- **Assignment**
Please reproduce the listing in its entirety, exactly as written, but without images.
(Given data begins)
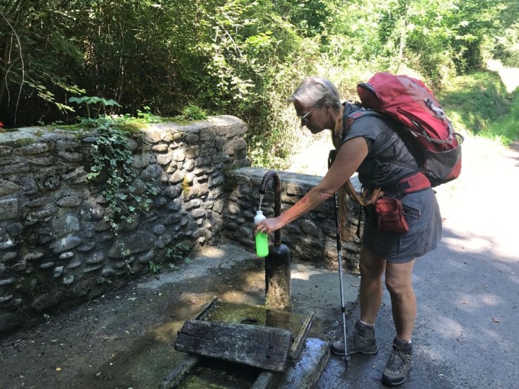 Na een lange tocht tussen de boomloze akkers, komen we na een lange afdaling terecht bij een natuurlijke bron, heerlijk koel fris drinkwater.
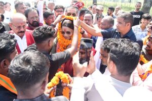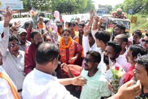 भरतपुर सोनहत विधानसभा से भाजपा प्रत्याशी रेणुका सिंह का सोनहत में आतिशी स्वागत
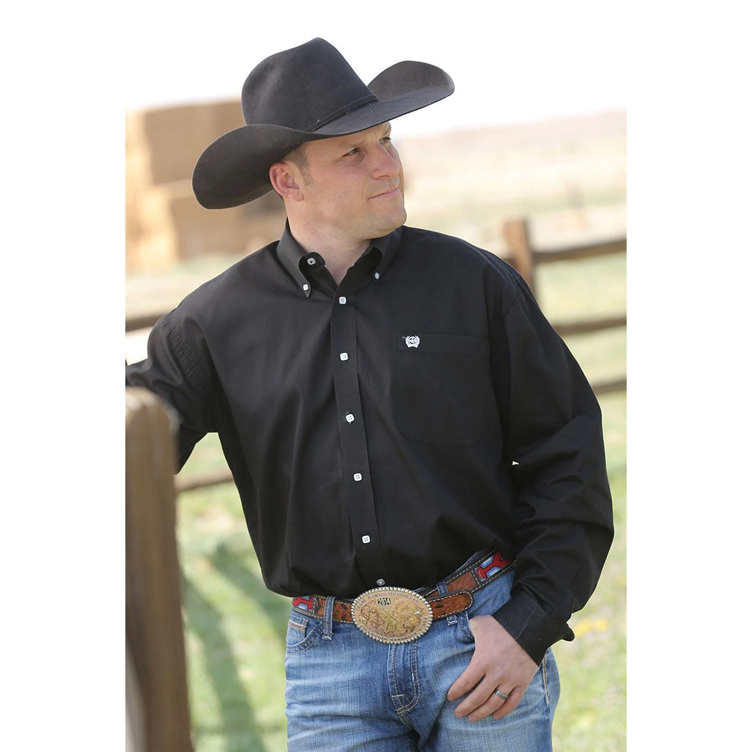 This solid shirt from Cinch has classic styling made from cotton. The front placket, sleeves, and button down collar are fastened with matching modern buttons. A single open pocket lays on the front keeping its traditional theme.
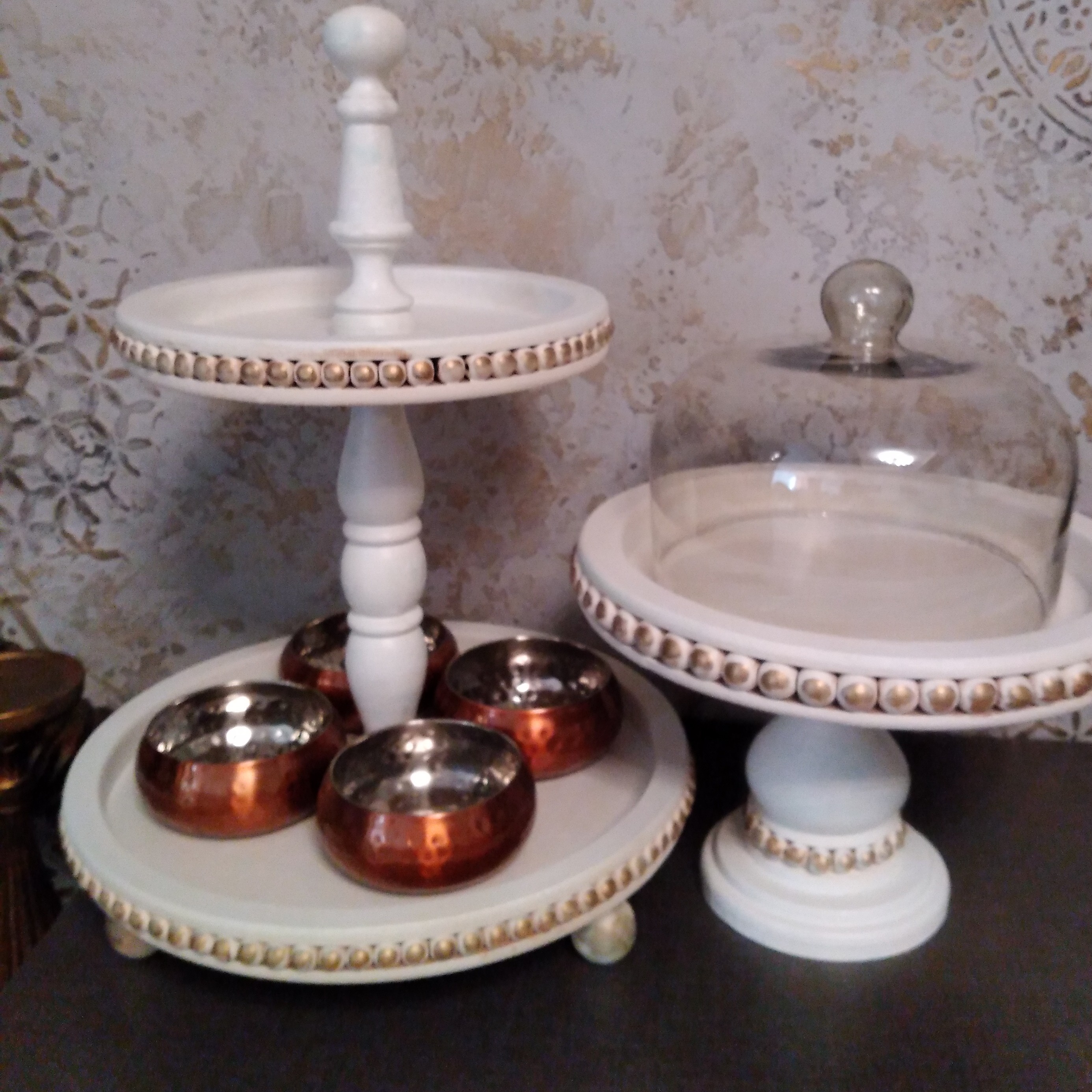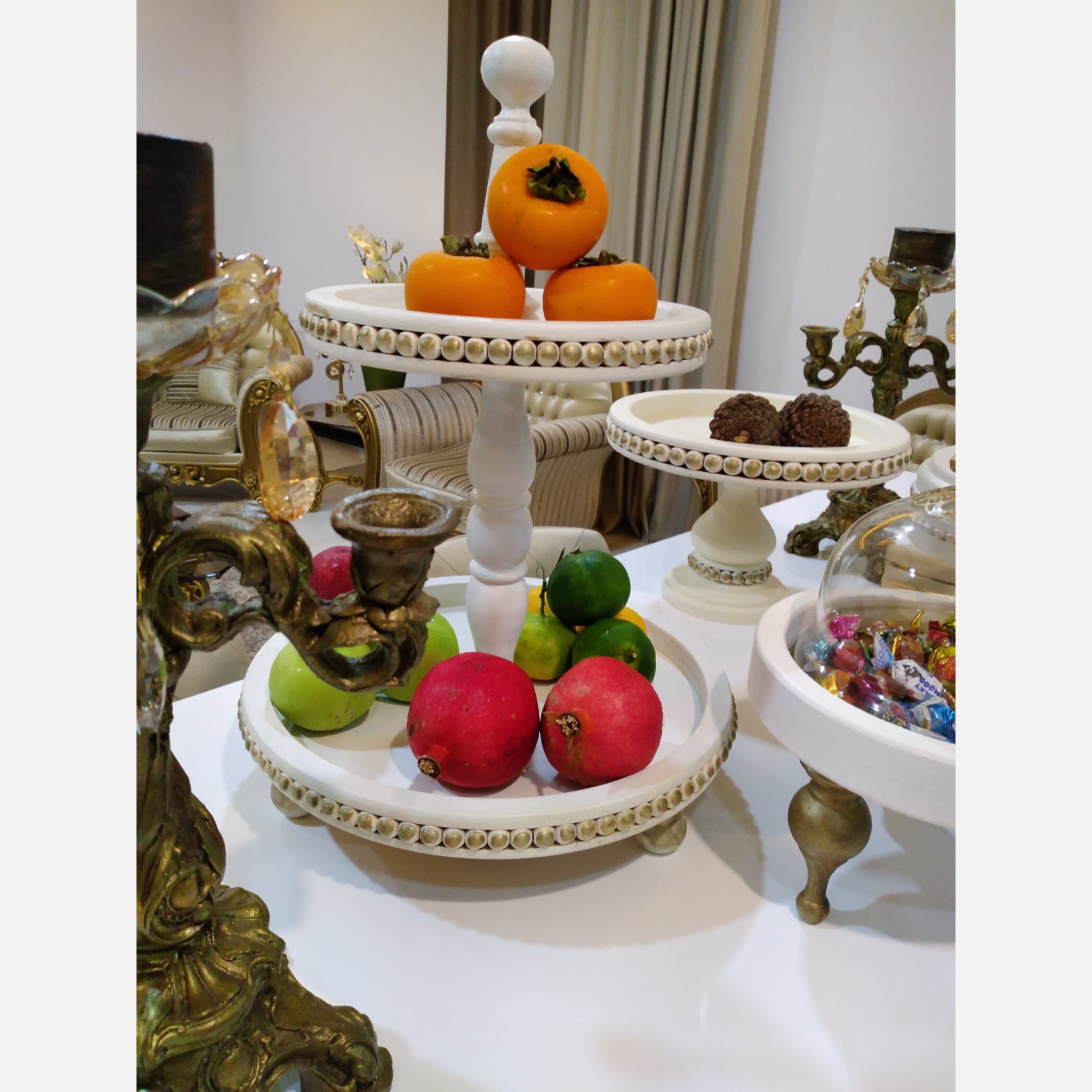 ظرف چوبی پذیرایی قطر صفحه پایین سی و شش و قطر صفحه بالا بیست و پنج سانت مبلمونسرا مدل 274243
(Given data ends)
- **Solution to this problem**
 Na een lange tocht tussen de boomloze akkers, komen we na een lange afdaling terecht bij een natuurlijke bron, heerlijk koel fris drinkwater.
 भरतपुर सोनहत विधानसभा से भाजपा प्रत्याशी रेणुका सिंह का सोनहत में आतिशी स्वागत
 This solid shirt from Cinch has classic styling made from cotton. The front placket, sleeves, and button down collar are fastened with matching modern buttons. A single open pocket lays on the front keeping its traditional theme.
 ظرف چوبی پذیرایی قطر صفحه پایین سی و شش و قطر صفحه بالا بیست و پنج سانت مبلمونسرا مدل 274243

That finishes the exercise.